For now, I’ll write a little about the frankly very weak analysis I’ve done for Connor, given the data I have. The idea is to find the average distance between canon Connor dialogue, and the Connor dialogue that was extracted from the fics. Clearly this is no way to conclude my question of how far or near fanfiction Connor is from canon Connor. I see this as just one small starting point on a path to answer that question more fully.

To run this analysis, I selected only dialogue (canon/fanfiction) that had 10 to 24 words. This covers the 25th to 90th percentile of canon Connor utterance length, and 70th to 90th percentile of fanfiction Connor utterance length. I did this as a rough heuristic to try to keep utterances where Connor was talking about something (i.e., not just a cry of pain, etc). This was also to keep dialogue bits around the same length, as I was converting all these bits to MPNet embeddings (trying without any cut-offs gave somewhat strange results).

This left me with 72,860 utterances from fanfiction Connor (again, remember I mentioned that not all of these may be Connor, due to errors that will undoubtedly occur during the extraction process) and 386 utterances from canon Connor.

After getting the embeddings, I calculated the cosine similarity between each of the 72,860 fanfiction utterances against each of the 386 utterances. As expected, multiple fanfiction utterances are taken word-for-word from canon (e.g., the infamous ‘My name is Connor. I’m the android sent by Cyberlife). I then kept the max cosine similarity score for each of the 72,860 utterances against the canon utterances (so, 72,860 scores). Then, I broke down the scores by rating, hoping to answer the question – are Connor utterances from gen/teen/mature fics closer to canon Connor utterances semantically, than explicit fics?

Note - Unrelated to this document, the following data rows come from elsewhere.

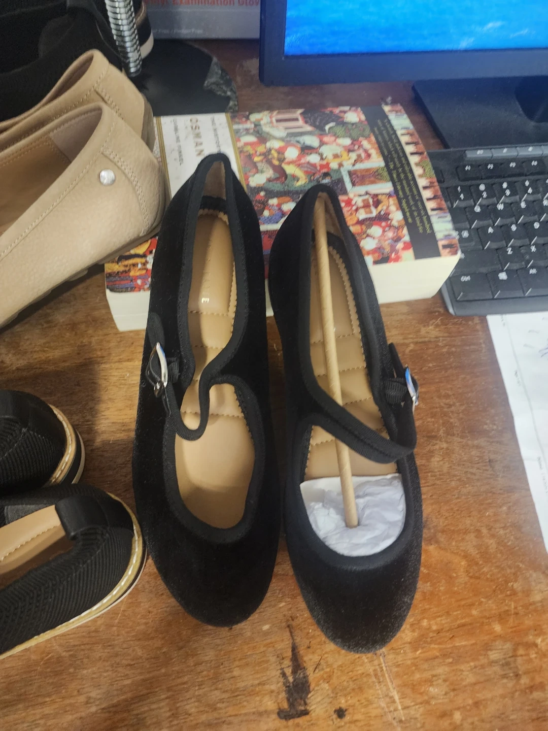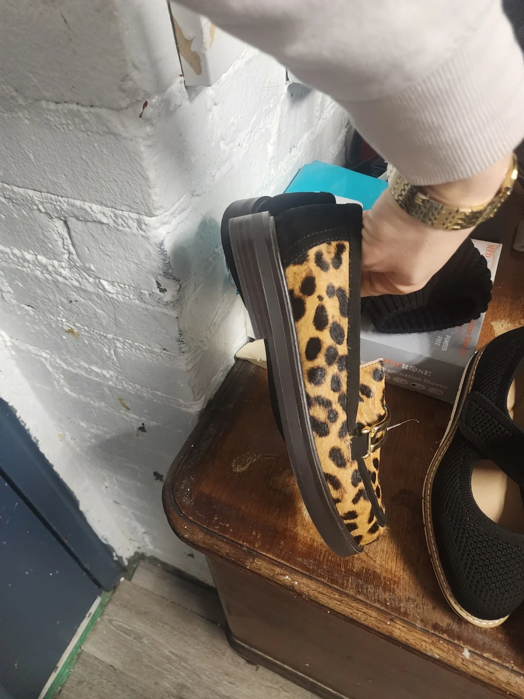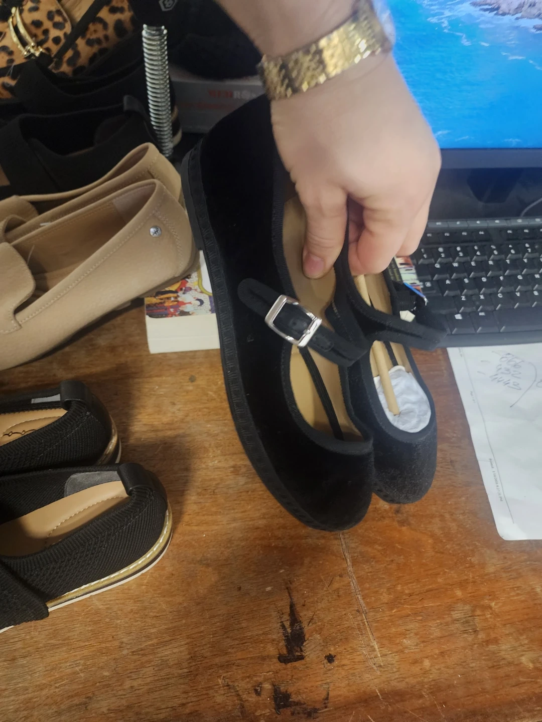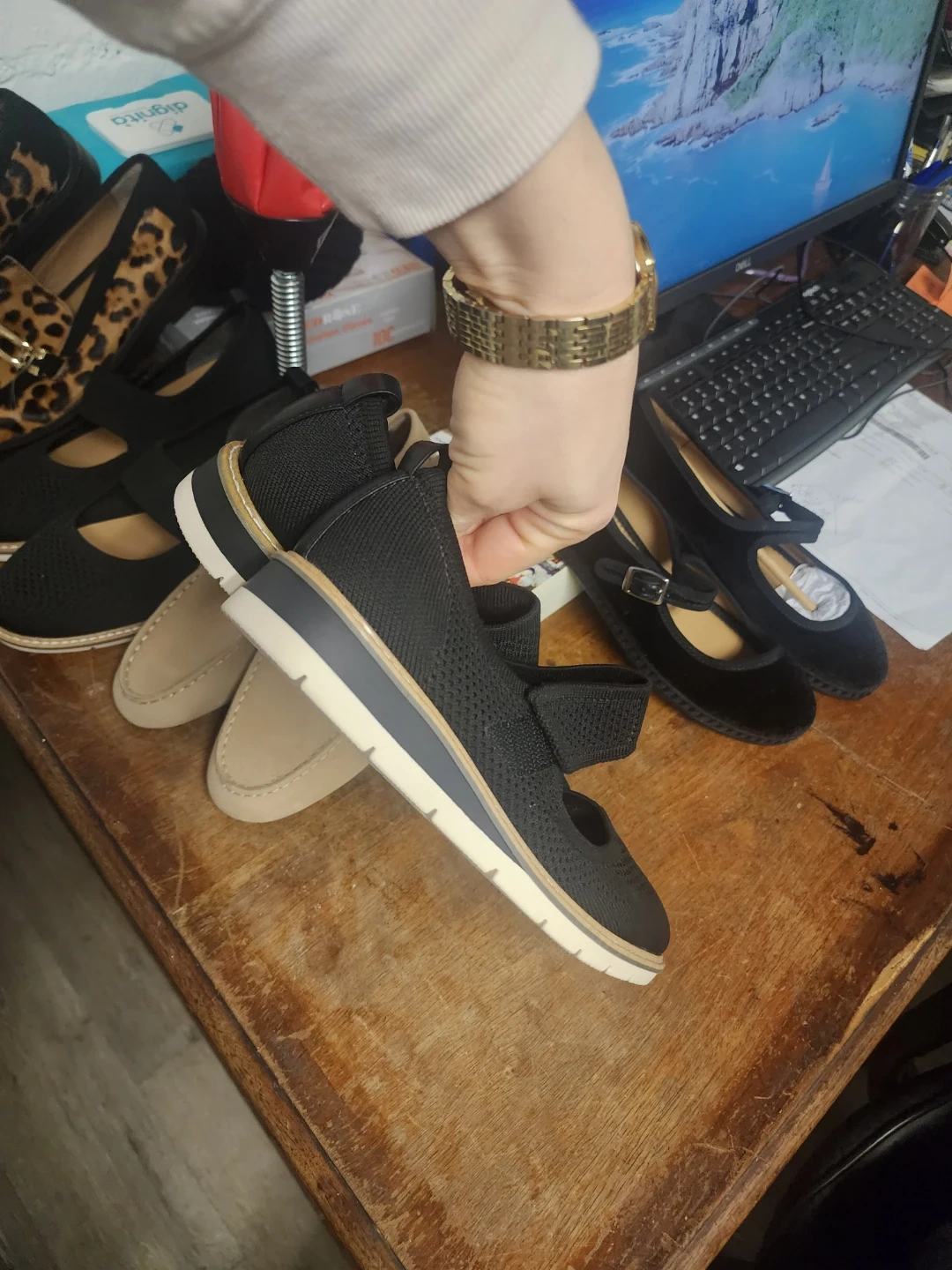 Bundle of women's flats including leopard print loafers by "me too" and black knit mary janes. Also includes beige loafers with "Hush Puppies" branding on the sole. Various sizes and materials.all those shoes for $60
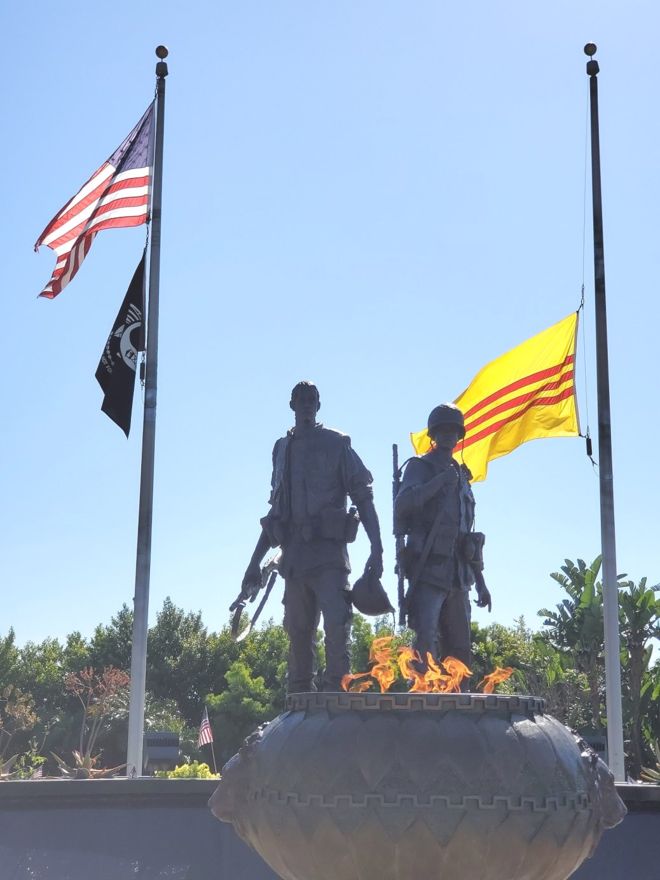 Tượng Đài Chiến Sĩ Việt-Mỹ trong công viên Sid Goldstein Freedom Park vắng lặng trong ngày Thứ Bảy, 25/4/2020. Lá cờ vàng ba sọc đỏ đã được hạ xuống lưng chừng trong ý nghĩa tưởng niệm
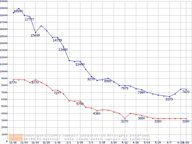 PC3200(DDR400) DDR SDRAM DIMMの最安値推移
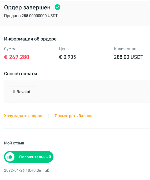Задача выполнена: рубли с российского банка мы по выгодному курсу обменяли на криптодоллары, а их с конвертацией вывели в евро на карту европейского банка.
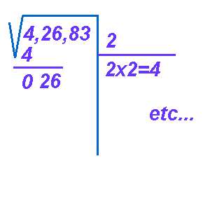 Hi ha diferents algorismes de l'arrel quadrada. L’algorisme que fem servir a l'escola és una mica complicat.- Abans els anava molt bé per que els donava resultats molt exactes, amb aproximacions decimals, fent servir només la suma, la resta i la multiplicació.
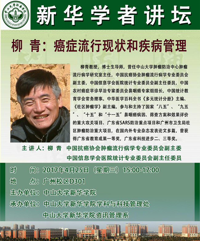 柳青教授,博士生导师,曾任中山大学肿瘤防治中心肿瘤流行病学研究室主任,中国抗癌协会肿瘤流行病学专业委员会副主委,中国信息学会医院统计专业委员会副主任委员,中国农村癌症早诊早治专家委员会鼻咽癌专家组组长,中国统计教育学会常务理事。中华医学百科全书《多元统计分册》主编、《社区肿瘤学》副主编。参与和主持了国家“八五”、“九五”、“十五”和“十一五”鼻咽癌病因、筛查方案和效果评价的重大攻关项目、广东省SARS防治重点项目和广州市卫生局社区肿瘤防治重大项目,在国内外专业杂志发表论文多篇,曾获得广东省教育成果一等奖,广东省科技进步二、三等奖。
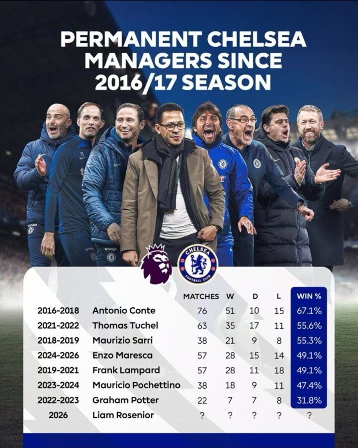 The Premier League has officially compiled a ranking of Chelsea's managers by their win rates over the past decade.
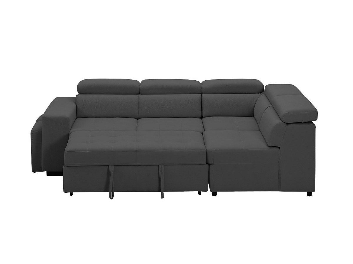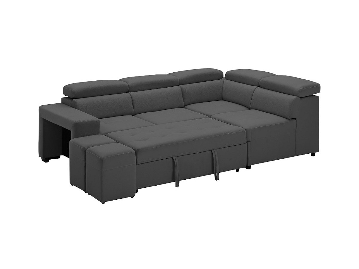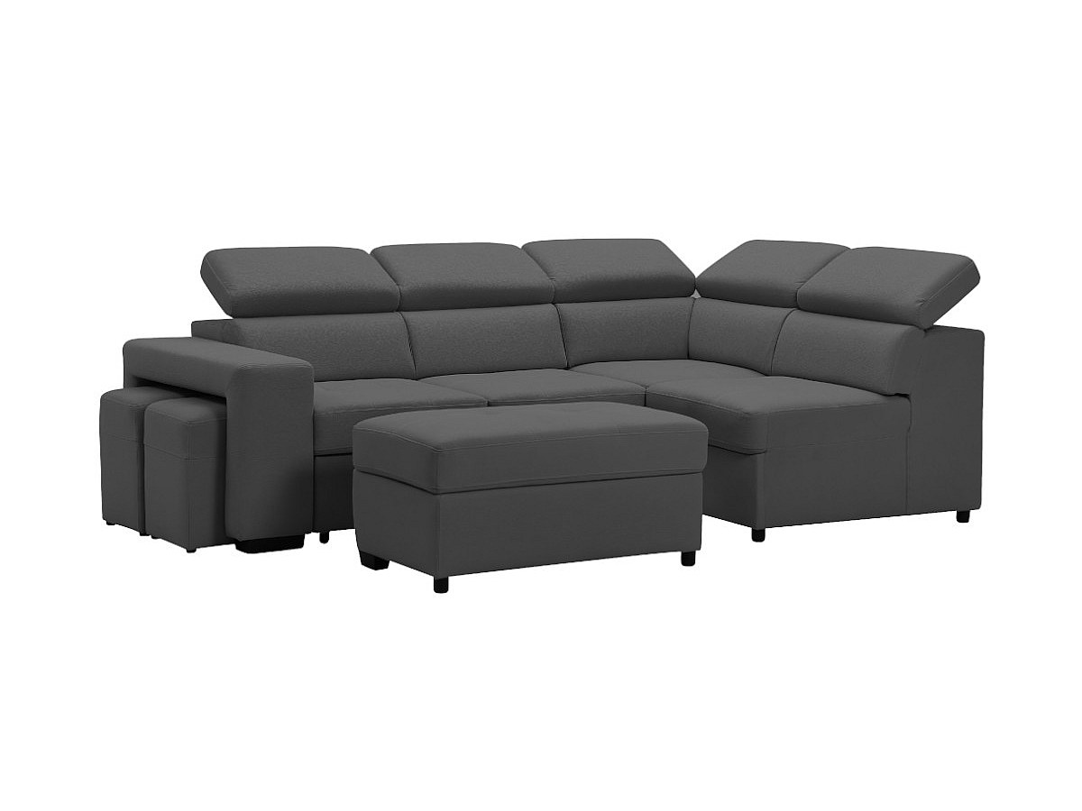 Canapé d'angle convertible en tissu et poufs SELOU - Angle droit - Anthracite
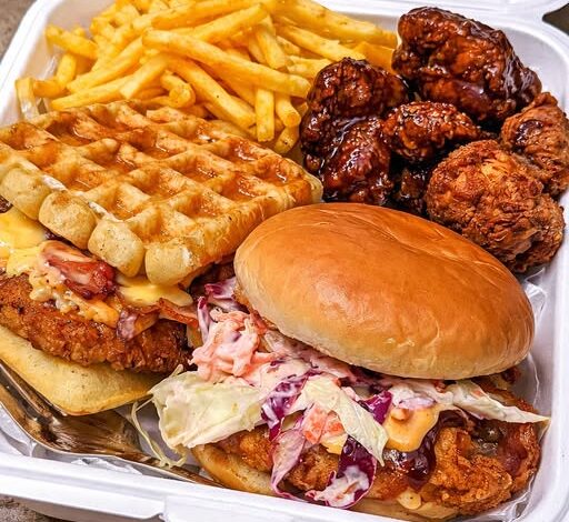 Crispy fried chicken stacked in a soft sandwich, paired with loaded fries, sticky wings, and a sweet-savory waffle sandwich—this is a full comfort food overload feast.
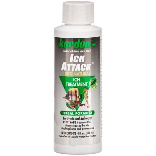 Kordon Ich Attack is a 100% organic disease treatment for fresh and saltwater aquariums, including those with reefs and live rock. Its safe, effective, and treats diseases caused by: Ich, fungus, protozoans, and dinoflagellats.
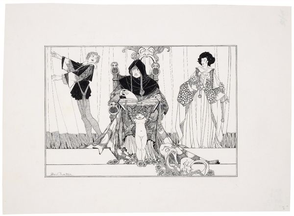 Mathieu Lauweriks created this print titled "Geblinddoekte vrouw tussen twee figuren" which translates to "Blindfolded woman between two figures". Lauweriks was working at a time of great social change, when artists were exploring new forms of expression and grappling with questions of identity and representation. This print depicts a woman, blindfolded and vulnerable, flanked by two figures who seem to hold power over her. The woman in white, with her hands upon the blindfold, suggests innocence and perhaps even manipulation. Contrasting her, is the looming figure cloaked in shadow. The work evokes questions about societal expectations placed on women, about the loss of autonomy, and the subtle but pervasive ways in which power is exerted. The print could be seen as a reflection on the ways in which women’s identities were being negotiated and contested. The work invites us to consider how traditional representations of women were being challenged and reimagined. It's a stark reminder of the constraints placed upon women.
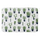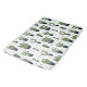 A bath mat with a rustic western flavour. Designed with a bunch of cute green cactuses in a repeating pattern. Specifically, green coloured prickly cactus, in all kinds of shapes and sizes, each sitting in its own dark blue flower pot. Little decorative triangles in between them. Whimsical fun illustration.
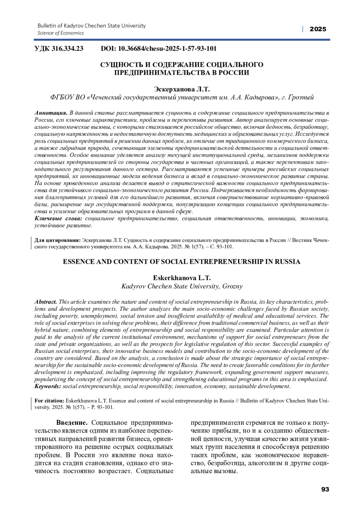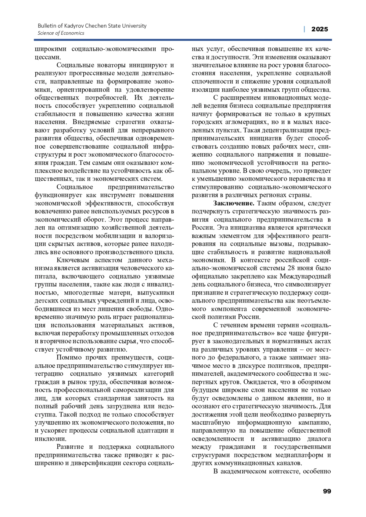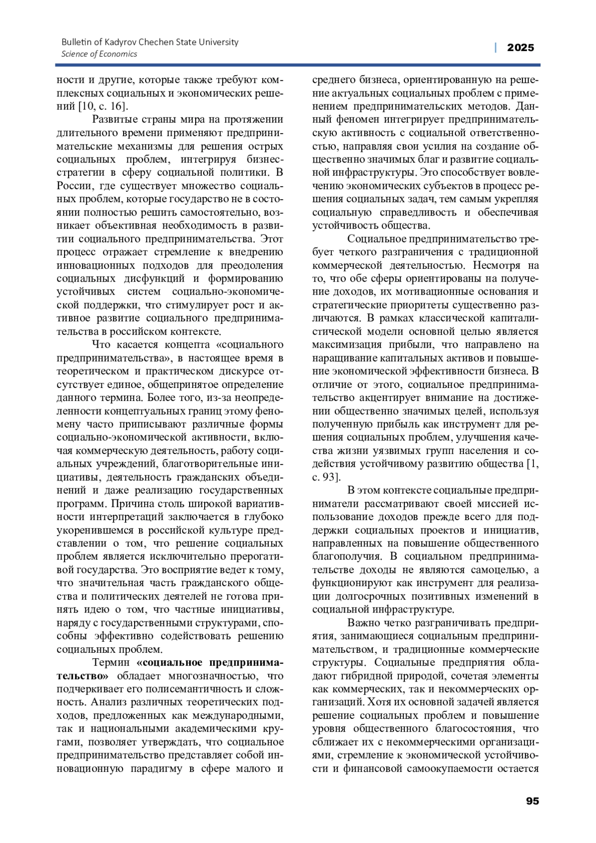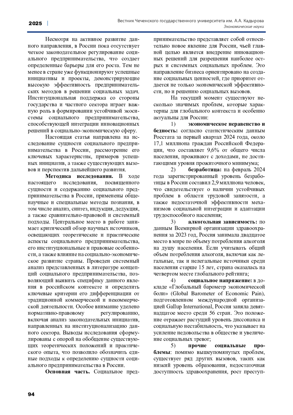В данной статье рассматривается сущность и содержание социального предпринимательства в России, его ключевые характеристики, проблемы и перспективы развития. Автор анализирует основные социально-экономические вызовы, с которыми сталкивается российское общество, включая бедность, безработицу, социальную напряженность и недостаточную доступность медицинских и образовательных услуг. Исследуется роль социальных предприятий в решении данных проблем, их отличие от традиционного коммерческого бизнеса, а также гибридная природа, сочетающая элементы предпринимательской деятельности и социальной ответственности. Особое внимание уделяется анализу текущей институциональной среды, механизмов поддержки социальных предпринимателей со стороны государства и частных организаций, а также перспективам законодательного регулирования данного сектора. Рассматриваются успешные примеры российских социальных предприятий, их инновационные модели ведения бизнеса и вклад в социально-экономическое развитие страны. На основе проведенного анализа делается вывод о стратегической важности социального предпринимательства для устойчивого социально-экономического развития России. Подчеркивается необходимость формирования благоприятных условий для его дальнейшего развития, включая совершенствование нормативно-правовой базы, расширение мер государственной поддержки, популяризацию концепции социального предпринимательства и усиление образовательных программ в данной сфере.
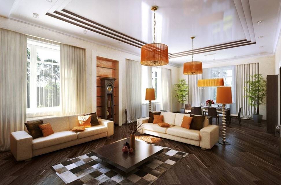 Для оформления потолка гостиной используют все современные варианты отделки:
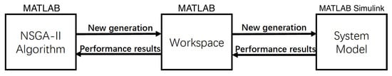 To generate the baseline simulation, MATLAB R2019b software created by MathWorks was used in East Lansing, US (see Figure A1 in Appendix A for the MATLAB Simulink model) for the iterative NSGA-II search. The data were connected through the MATLAB workspace, as both MATLAB and Simulink can read and write data in the MATLAB workspace. The detailed optimal gain-scheduled PID controller search structure using NSGA-II is described in Figure 8, where, as implemented in MATLAB, NSGA-II generates a next generation for each iteration and updates it to the workspace. In addition, the MATLAB–Simulink environment described above was used to evaluate the whole generation and feed the performance results back to MATLAB to obtain the next generation.
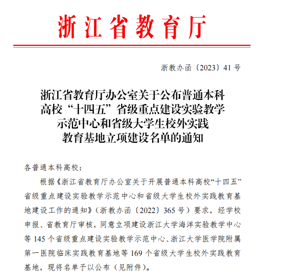 近日,浙江省教育厅办公室公布了普通本科高校“十四五”省级重点建设实验教学示范中心立项建设名单(浙教办函〔2023〕41号)。其中,由我院蒋明峰副院长负责的智能软件与计算实验教学中心成功入选。
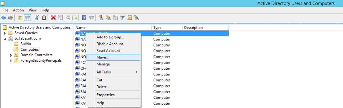 To move users or computers to an organizational unit, perform the following steps:
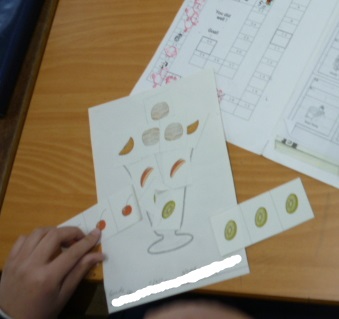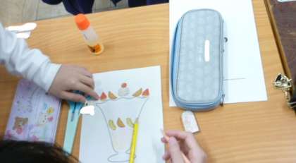 オリジナルパフェを作るために、先生に必要な材料をもらっています。
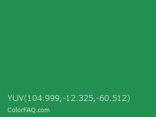YUV 104.999,-12.325,-60.512 Color is a normal green color and the nearest color is Eucalyptus #278a5b. Hex code #249150 and RGB value is rgb(36,145,80). In RGB color space, this color is composed of 14% red, 57% green, 31% blue, In CMYK color space, this color is composed of 75% cyan, 0% magenta, 45% yellow , 43% black , In HSL color space, this color has a hue angle of 144° , 60% saturation and 35% lightness.

Here you can find the plotted distribution:

image
Click here for the interactive version

We can see that there isn’t a huge obvious difference between the ratings. If anything, explicit fic utterances are a little lower on the similarity to canon utterances, but it doesn’t look that much convincingly lower.

I tested this more formally with a Kruskal-Wallis test with posthoc Dunn’s tests to check for pairwise comparisons. In terms of mean ranks, explicit<general audiences<not rated<mature<teen and up. That means that teen and up fic utterances are overall closest to canon utterances, followed by mature, and so on. There were significant differences between explicit fic utterances versus all the other ratings, general audiences with teen, mature and teen, and not rated and teen.

So the answer to the question of whether Connor utterances from gen/teen/mature fics are semantically closer to canon Connor utterances, than explicit fics is a yes, statistically, but the boxplot showed very little visible difference. And the plot doesn’t lie, when calculating the effect size for the Kruskal-Wallis test, we find a very small effect size (eta-squared is used here) – 0.004. Hence, yes, we may have found a statistical difference, but practically speaking, that difference is very, very small.

Visualising dialogue by fic rating

Next, I wanted to know if fanfiction Connor’s utterances were possibly separable by fic rating. I used the filtered set of 72,860 fanfiction Connor utterances, which were 10 to 24 words in length. I had a hunch that the answer would be close to no, especially given the weak CA results.

Before jumping into clustering, I started by visualising the 768-dimension MPNet embeddings in a 2D space with the help of UMAP (n_neighbors=15). I selected 1000 random utterances by rating (making 4000 in total) to visualise. Rerunning this visualisation with different selections of 4000 utterances does not drastically change its overall shape and appearance.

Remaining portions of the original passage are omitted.